Toutefois la Cour de cassation confirme le qualificatif de dol incident et la nullité du contrat retenue par la Cour d’Appel. La cour de cassation retient en effet « [qu’il] n’aurait pas accepté les mêmes modalités d’acquisition s’il avait eu connaissance de la situation exacte de cette société » , elle établis le constat d’un dol incident et également «la nullité de la cession » par conséquent on octroie à un dol incident la sanction d’un dol principal.
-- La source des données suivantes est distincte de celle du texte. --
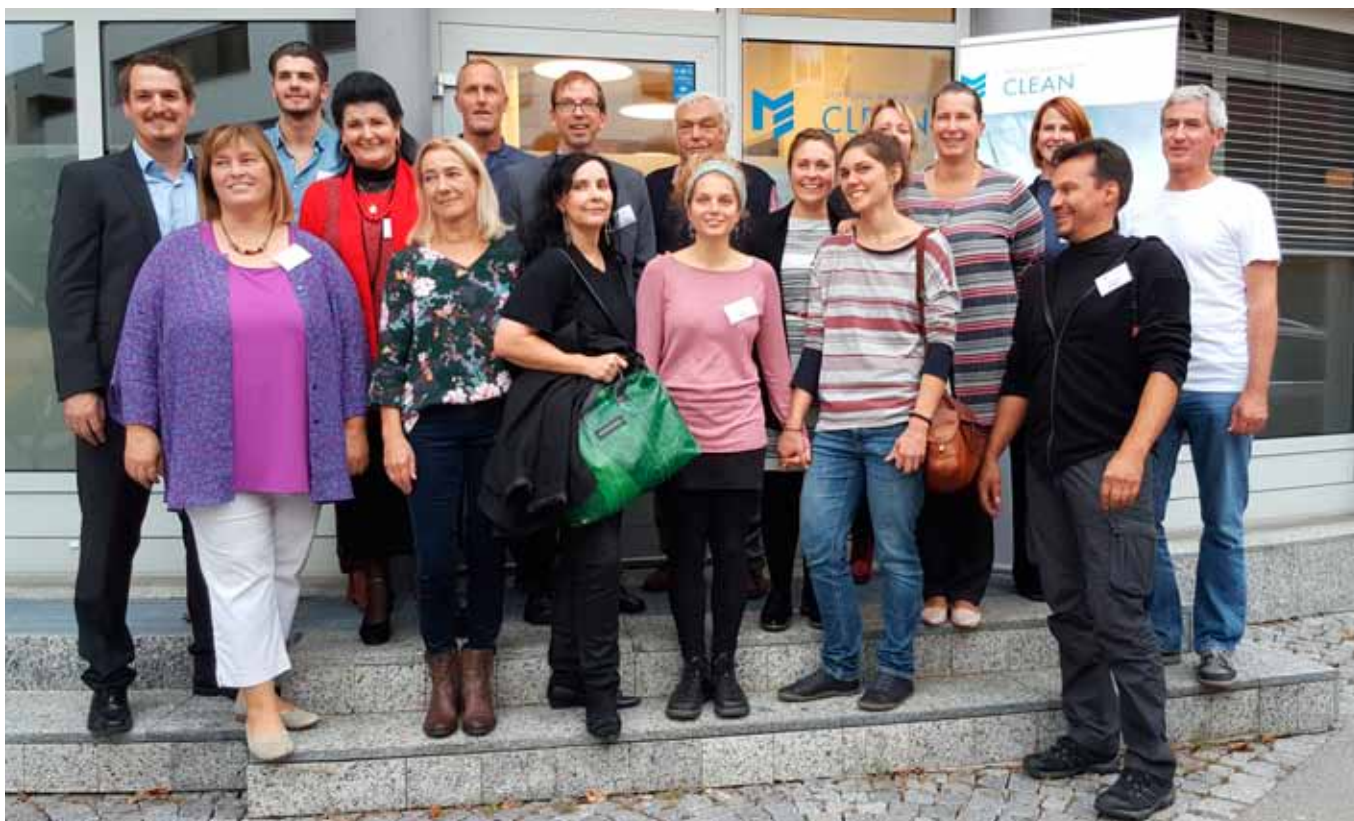
Team Clean Bregenz bei der Eröffnungsfeier der Abgabestelle

Ce faisant la Cour de cassation efface la distinction faite entre dol incident et principal qui se tenait à leur définition mais principalement par la sanction où le dol incident ne pouvait donner lieu qu’à dommage et intérêt.
On constate ainsi une rupture quant à la dichotomie traditionnelle de dol incident et dol principal qui se voit davantage brouillé lorsque la cour de cassation introduit la notion de « dol incident déterminant ».
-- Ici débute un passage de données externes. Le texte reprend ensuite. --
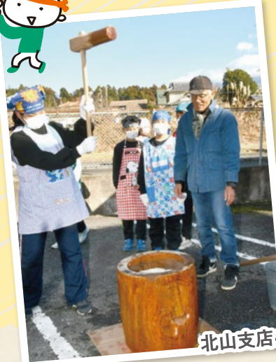
北山支店・運営委員会 & 北山小学校

- La référence au dol incident déterminant
La Cour de cassation énonce « ces éléments étaient déterminants pour le cessionnaire, lequel n’avait pas été mis en mesure d’apprécier la valeur de la société cédée et ses perspectives de développement et n’aurait pas accepté les mêmes modalités d’acquisition s’il avait eu connaissance de la situation exacte de cette société », par principe un élément déterminant est joint à la notion de dol principal aussi appelé dol déterminant. Pourtant la cour de cassation resouligne qu’il s’agit d’un dol incident dans la mesure où le cocontractant n’aurait pas, pas conclut le contrat mais l’aurait conclu en d’autres termes. Pour constituer le dol la Cour de cassation retient que « une hausse massive des prix de vente, donné une image trompeuse des résultats atteints par la société cédée au cours des mois ayant précédé la cession» ainsi que le fait qu’ils « avaient dissimulé à la société NUMP les informations qu’ils détenaient sur l’effondrement prévisible du chiffre d’affaires réalisé avec au moins deux des principaux clients de l’entreprise» constituait des éléments déterminants qui avait conduit le cocontractant a accepté. En effet il n’était pas en mesure « d’apprécier la valeur de la société cédée et ses perspectives de développement » par conséquent le cocontractant n’aurait pas accepté le contrat sous les mêmes modalités, la cour de cassation introduit ainsi la notion de dol incident déterminant qui semble abandonner la dichotomie traditionnelle.